- Work request: Could you copy every record exactly, leaving the pictures behind?

- Extracted material:
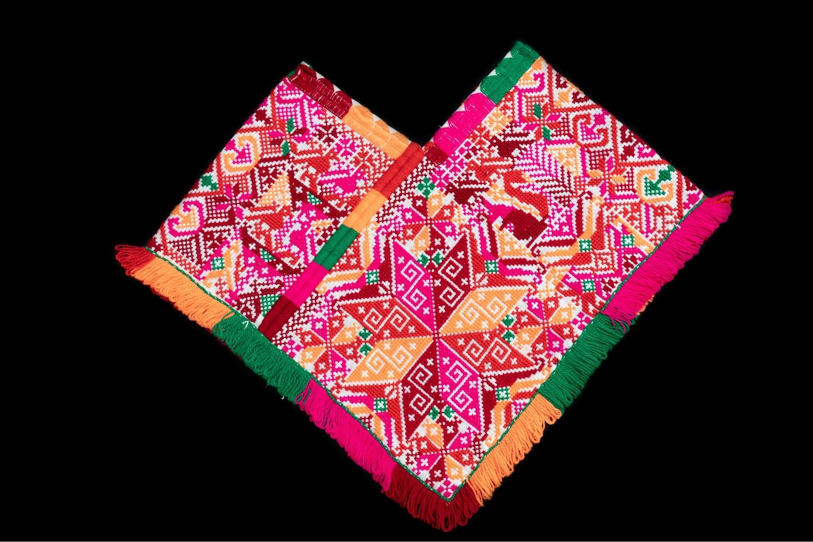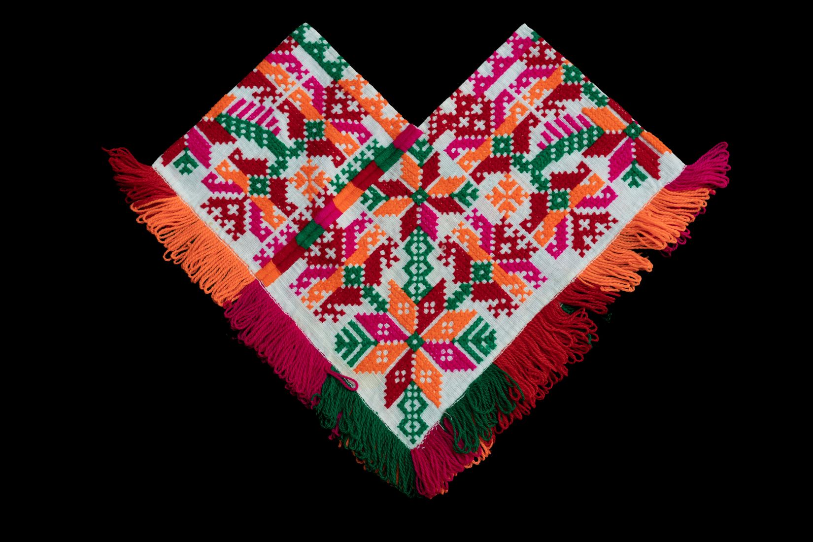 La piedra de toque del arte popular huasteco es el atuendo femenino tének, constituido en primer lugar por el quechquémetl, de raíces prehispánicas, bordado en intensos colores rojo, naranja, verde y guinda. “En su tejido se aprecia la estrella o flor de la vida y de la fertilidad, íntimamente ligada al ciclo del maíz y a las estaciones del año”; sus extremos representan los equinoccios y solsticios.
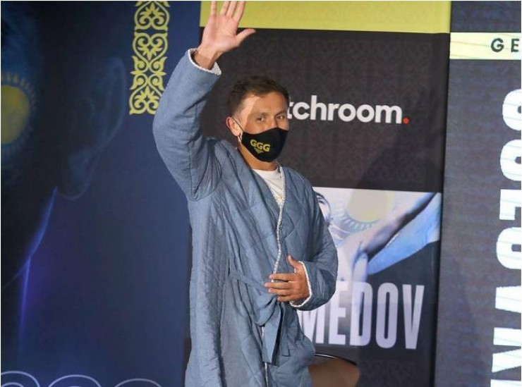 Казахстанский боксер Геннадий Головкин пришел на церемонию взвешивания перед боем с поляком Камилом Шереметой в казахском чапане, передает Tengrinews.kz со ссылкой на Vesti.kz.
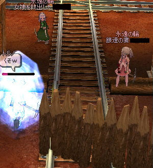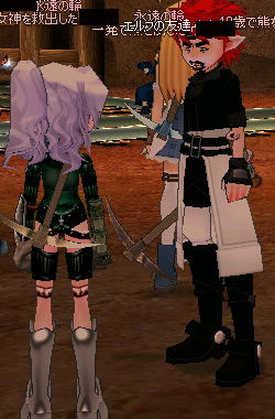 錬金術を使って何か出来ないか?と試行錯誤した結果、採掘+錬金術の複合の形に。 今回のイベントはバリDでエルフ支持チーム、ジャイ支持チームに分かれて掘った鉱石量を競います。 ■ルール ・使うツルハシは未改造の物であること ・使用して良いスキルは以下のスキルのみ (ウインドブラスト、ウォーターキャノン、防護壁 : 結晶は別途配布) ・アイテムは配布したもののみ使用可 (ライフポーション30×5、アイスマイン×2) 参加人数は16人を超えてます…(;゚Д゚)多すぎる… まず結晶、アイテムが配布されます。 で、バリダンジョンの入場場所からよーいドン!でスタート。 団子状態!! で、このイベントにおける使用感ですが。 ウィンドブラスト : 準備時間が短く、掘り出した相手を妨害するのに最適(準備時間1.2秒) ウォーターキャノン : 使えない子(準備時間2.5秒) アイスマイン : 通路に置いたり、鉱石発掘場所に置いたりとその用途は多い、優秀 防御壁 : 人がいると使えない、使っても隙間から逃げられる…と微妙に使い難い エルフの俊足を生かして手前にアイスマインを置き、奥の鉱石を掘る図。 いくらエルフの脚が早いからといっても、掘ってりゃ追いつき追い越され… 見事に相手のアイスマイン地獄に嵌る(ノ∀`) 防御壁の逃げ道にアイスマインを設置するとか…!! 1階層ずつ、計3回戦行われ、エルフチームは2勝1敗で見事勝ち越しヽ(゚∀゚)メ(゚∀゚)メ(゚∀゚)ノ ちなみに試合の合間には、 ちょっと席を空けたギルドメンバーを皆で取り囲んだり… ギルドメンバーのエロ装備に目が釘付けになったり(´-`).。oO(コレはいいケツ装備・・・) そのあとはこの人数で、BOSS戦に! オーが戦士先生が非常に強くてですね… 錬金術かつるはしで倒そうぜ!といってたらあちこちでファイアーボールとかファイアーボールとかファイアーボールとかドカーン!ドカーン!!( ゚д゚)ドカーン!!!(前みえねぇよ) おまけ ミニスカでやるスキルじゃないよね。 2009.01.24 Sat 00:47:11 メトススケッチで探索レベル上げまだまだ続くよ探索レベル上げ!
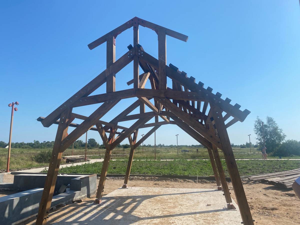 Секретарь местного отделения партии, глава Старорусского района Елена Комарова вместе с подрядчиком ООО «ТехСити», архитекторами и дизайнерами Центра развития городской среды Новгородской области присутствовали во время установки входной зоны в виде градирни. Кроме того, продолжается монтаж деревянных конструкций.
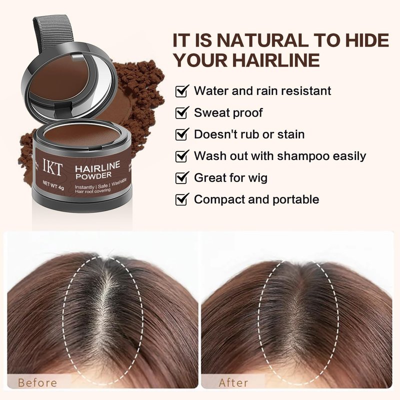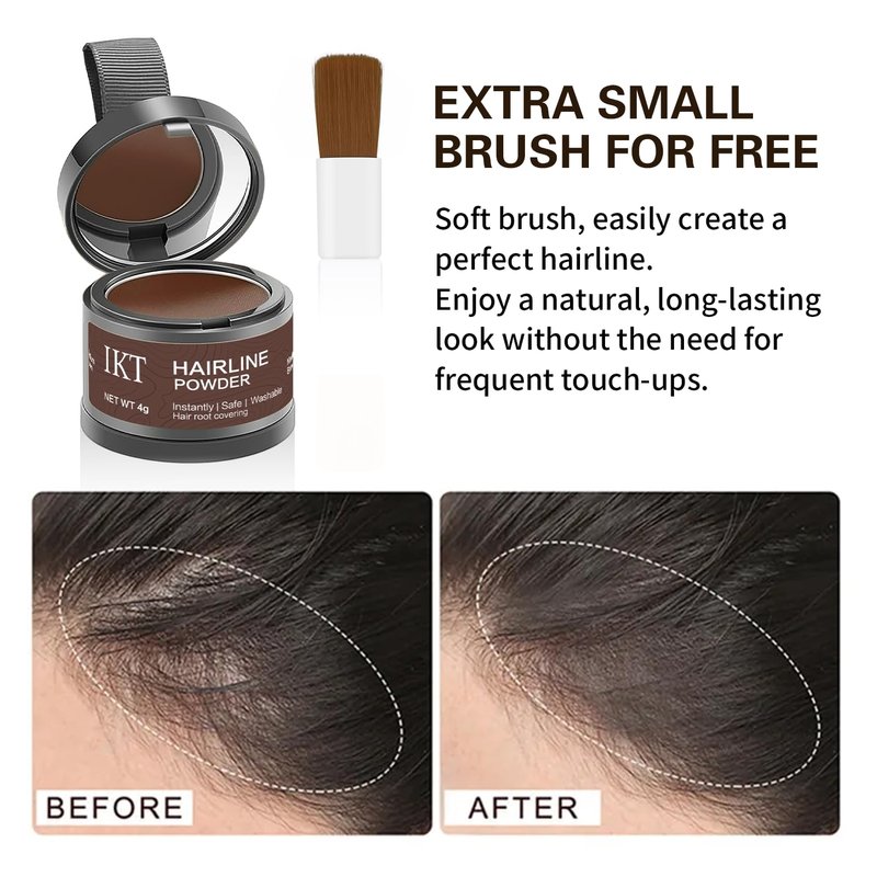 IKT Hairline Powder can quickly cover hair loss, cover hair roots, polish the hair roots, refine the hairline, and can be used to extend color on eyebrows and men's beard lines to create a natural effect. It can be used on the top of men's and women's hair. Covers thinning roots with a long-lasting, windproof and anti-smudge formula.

- Task result:
 La piedra de toque del arte popular huasteco es el atuendo femenino tének, constituido en primer lugar por el quechquémetl, de raíces prehispánicas, bordado en intensos colores rojo, naranja, verde y guinda. “En su tejido se aprecia la estrella o flor de la vida y de la fertilidad, íntimamente ligada al ciclo del maíz y a las estaciones del año”; sus extremos representan los equinoccios y solsticios.
 Казахстанский боксер Геннадий Головкин пришел на церемонию взвешивания перед боем с поляком Камилом Шереметой в казахском чапане, передает Tengrinews.kz со ссылкой на Vesti.kz.
 錬金術を使って何か出来ないか?と試行錯誤した結果、採掘+錬金術の複合の形に。 今回のイベントはバリDでエルフ支持チーム、ジャイ支持チームに分かれて掘った鉱石量を競います。 ■ルール ・使うツルハシは未改造の物であること ・使用して良いスキルは以下のスキルのみ (ウインドブラスト、ウォーターキャノン、防護壁 : 結晶は別途配布) ・アイテムは配布したもののみ使用可 (ライフポーション30×5、アイスマイン×2) 参加人数は16人を超えてます…(;゚Д゚)多すぎる… まず結晶、アイテムが配布されます。 で、バリダンジョンの入場場所からよーいドン!でスタート。 団子状態!! で、このイベントにおける使用感ですが。 ウィンドブラスト : 準備時間が短く、掘り出した相手を妨害するのに最適(準備時間1.2秒) ウォーターキャノン : 使えない子(準備時間2.5秒) アイスマイン : 通路に置いたり、鉱石発掘場所に置いたりとその用途は多い、優秀 防御壁 : 人がいると使えない、使っても隙間から逃げられる…と微妙に使い難い エルフの俊足を生かして手前にアイスマインを置き、奥の鉱石を掘る図。 いくらエルフの脚が早いからといっても、掘ってりゃ追いつき追い越され… 見事に相手のアイスマイン地獄に嵌る(ノ∀`) 防御壁の逃げ道にアイスマインを設置するとか…!! 1階層ずつ、計3回戦行われ、エルフチームは2勝1敗で見事勝ち越しヽ(゚∀゚)メ(゚∀゚)メ(゚∀゚)ノ ちなみに試合の合間には、 ちょっと席を空けたギルドメンバーを皆で取り囲んだり… ギルドメンバーのエロ装備に目が釘付けになったり(´-`).。oO(コレはいいケツ装備・・・) そのあとはこの人数で、BOSS戦に! オーが戦士先生が非常に強くてですね… 錬金術かつるはしで倒そうぜ!といってたらあちこちでファイアーボールとかファイアーボールとかファイアーボールとかドカーン!ドカーン!!( ゚д゚)ドカーン!!!(前みえねぇよ) おまけ ミニスカでやるスキルじゃないよね。 2009.01.24 Sat 00:47:11 メトススケッチで探索レベル上げまだまだ続くよ探索レベル上げ!
 Секретарь местного отделения партии, глава Старорусского района Елена Комарова вместе с подрядчиком ООО «ТехСити», архитекторами и дизайнерами Центра развития городской среды Новгородской области присутствовали во время установки входной зоны в виде градирни. Кроме того, продолжается монтаж деревянных конструкций.
 IKT Hairline Powder can quickly cover hair loss, cover hair roots, polish the hair roots, refine the hairline, and can be used to extend color on eyebrows and men's beard lines to create a natural effect. It can be used on the top of men's and women's hair. Covers thinning roots with a long-lasting, windproof and anti-smudge formula.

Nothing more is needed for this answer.